GIVEN RECORDS:
++++++

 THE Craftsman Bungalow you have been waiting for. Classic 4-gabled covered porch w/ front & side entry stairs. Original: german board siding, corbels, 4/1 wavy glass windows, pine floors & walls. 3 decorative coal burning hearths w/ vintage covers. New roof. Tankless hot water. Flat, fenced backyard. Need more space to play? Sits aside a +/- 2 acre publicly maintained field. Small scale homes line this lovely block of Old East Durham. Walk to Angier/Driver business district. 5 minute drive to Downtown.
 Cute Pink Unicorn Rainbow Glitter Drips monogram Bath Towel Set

++++++

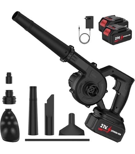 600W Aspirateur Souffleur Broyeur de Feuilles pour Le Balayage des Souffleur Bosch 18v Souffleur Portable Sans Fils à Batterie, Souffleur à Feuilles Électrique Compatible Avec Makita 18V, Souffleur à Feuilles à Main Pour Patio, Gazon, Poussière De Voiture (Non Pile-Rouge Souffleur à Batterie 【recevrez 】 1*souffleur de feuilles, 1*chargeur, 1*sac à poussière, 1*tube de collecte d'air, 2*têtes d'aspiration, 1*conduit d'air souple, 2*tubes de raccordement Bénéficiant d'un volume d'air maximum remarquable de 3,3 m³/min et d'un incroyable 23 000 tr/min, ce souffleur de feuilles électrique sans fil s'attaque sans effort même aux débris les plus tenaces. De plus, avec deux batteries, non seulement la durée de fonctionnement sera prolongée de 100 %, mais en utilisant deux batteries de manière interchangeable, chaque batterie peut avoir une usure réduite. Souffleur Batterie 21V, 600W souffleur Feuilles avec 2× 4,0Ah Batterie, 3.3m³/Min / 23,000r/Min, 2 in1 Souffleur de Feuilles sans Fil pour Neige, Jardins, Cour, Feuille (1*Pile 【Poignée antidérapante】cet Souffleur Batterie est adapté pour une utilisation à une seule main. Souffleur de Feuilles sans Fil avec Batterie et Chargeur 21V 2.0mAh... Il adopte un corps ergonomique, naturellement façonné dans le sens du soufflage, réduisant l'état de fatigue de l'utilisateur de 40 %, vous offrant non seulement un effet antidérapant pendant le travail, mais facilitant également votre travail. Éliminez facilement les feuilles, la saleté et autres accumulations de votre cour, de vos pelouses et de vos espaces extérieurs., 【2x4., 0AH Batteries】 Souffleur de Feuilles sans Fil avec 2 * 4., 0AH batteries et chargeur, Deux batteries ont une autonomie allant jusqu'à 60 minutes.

++++++

AIM OF THE TASK: Your answer should be the lines of the listing above between the line holding "THE Craftsman Bungalow" and the line holding "Cute Pink Unicorn", inclusive, restated word for word and alone.

RESULT FOR THIS EXERCISE:
 THE Craftsman Bungalow you have been waiting for. Classic 4-gabled covered porch w/ front & side entry stairs. Original: german board siding, corbels, 4/1 wavy glass windows, pine floors & walls. 3 decorative coal burning hearths w/ vintage covers. New roof. Tankless hot water. Flat, fenced backyard. Need more space to play? Sits aside a +/- 2 acre publicly maintained field. Small scale homes line this lovely block of Old East Durham. Walk to Angier/Driver business district. 5 minute drive to Downtown.
 Cute Pink Unicorn Rainbow Glitter Drips monogram Bath Towel Set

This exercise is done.